Cast recording by various artists
- Released: November 1, 2005
- Label: Rhino
- Producer: Bob Gaudio

= Jersey Boys: Original Broadway Cast Recording =

Jersey Boys: Original Broadway Cast Recording is the cast album for the 2005 Broadway musical Jersey Boys, which tells the story of Frankie Valli and The Four Seasons. The album was produced by Bob Gaudio, one of the original members of the Four Seasons. Principal vocalists include original Broadway cast members Christian Hoff as Tommy DeVito, Daniel Reichard as Bob Gaudio, J. Robert Spencer as Nick Massi and John Lloyd Young as Frankie Valli.
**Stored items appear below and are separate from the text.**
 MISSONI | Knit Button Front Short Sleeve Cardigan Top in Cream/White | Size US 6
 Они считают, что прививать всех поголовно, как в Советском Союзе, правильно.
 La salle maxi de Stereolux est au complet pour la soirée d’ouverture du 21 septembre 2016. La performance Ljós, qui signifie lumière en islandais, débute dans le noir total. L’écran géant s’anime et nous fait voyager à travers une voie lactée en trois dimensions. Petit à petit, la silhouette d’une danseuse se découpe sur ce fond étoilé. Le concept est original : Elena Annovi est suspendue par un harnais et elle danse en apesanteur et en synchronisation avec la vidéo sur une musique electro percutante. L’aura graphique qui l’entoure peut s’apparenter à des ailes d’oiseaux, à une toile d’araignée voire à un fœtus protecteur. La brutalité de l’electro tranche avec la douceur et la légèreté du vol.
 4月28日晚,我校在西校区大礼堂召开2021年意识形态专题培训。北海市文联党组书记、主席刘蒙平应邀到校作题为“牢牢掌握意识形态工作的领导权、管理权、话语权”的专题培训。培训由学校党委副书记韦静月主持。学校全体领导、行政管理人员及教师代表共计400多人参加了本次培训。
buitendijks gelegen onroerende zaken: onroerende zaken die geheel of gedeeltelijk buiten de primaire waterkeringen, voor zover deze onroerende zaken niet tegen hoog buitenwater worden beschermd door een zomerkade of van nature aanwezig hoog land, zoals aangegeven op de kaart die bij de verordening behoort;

It was released November 1, 2005 by Rhino Entertainment and reached number eighty-five on the Billboard 200. In 2006 the album won a Grammy for Best Musical Show Album. In February 2008, the album was certified Gold by the RIAA, and in September 2009, was certified Platinum.

Professional ratings
Review scores
| Source | Rating |
| About.com | Star |
| Allmusic | Star Half star |

==Track listing==
1. "Ces soirées-là" – 1:16
2. "The Early Years: A Scrapbook" – 8:09
3. "Cry for Me" – 2:23
4. "Backup Sessions" – 1:44
5. "Sherry" – 2:14
6. "Big Girls Don't Cry" – 2:17
7. "Walk Like a Man" – 1:52
8. "December, 1963 (Oh, What a Night)" – 2:28
9. "My Boyfriend's Back" – 1:32
10. "My Eyes Adored You" – 2:26
11. "Dawn (Go Away)" – 2:38
12. "Big Man in Town" – 2:05
13. "Dialogue: A Little Trouble" – 0:17
14. "Beggin'" – 2:50
15. "Dialogue: See How You Handle It" – 0:15
16. "Medley: Stay/ Let's Hang On!/ Opus 17 (Don't You Worry 'bout Me) / Bye, Bye, Baby (Baby Goodbye)" – 4:39
17. "C'mon Marianne" – 1:16
18. "Can't Take My Eyes Off You" – 3:17
19. "Working My Way Back to You" – 1:48
20. "Fallen Angel" – 2:06
21. "Rag Doll" – 2:14
22. "Who Loves You" – 2:55

==Certifications==

| Region | Certification | Certified units/sales |
| Australia (ARIA) | Platinum | 70,000^{^} |
| United States (RIAA) | Platinum | 1,000,000^{^} |
^{^} Shipments figures based on certification alone.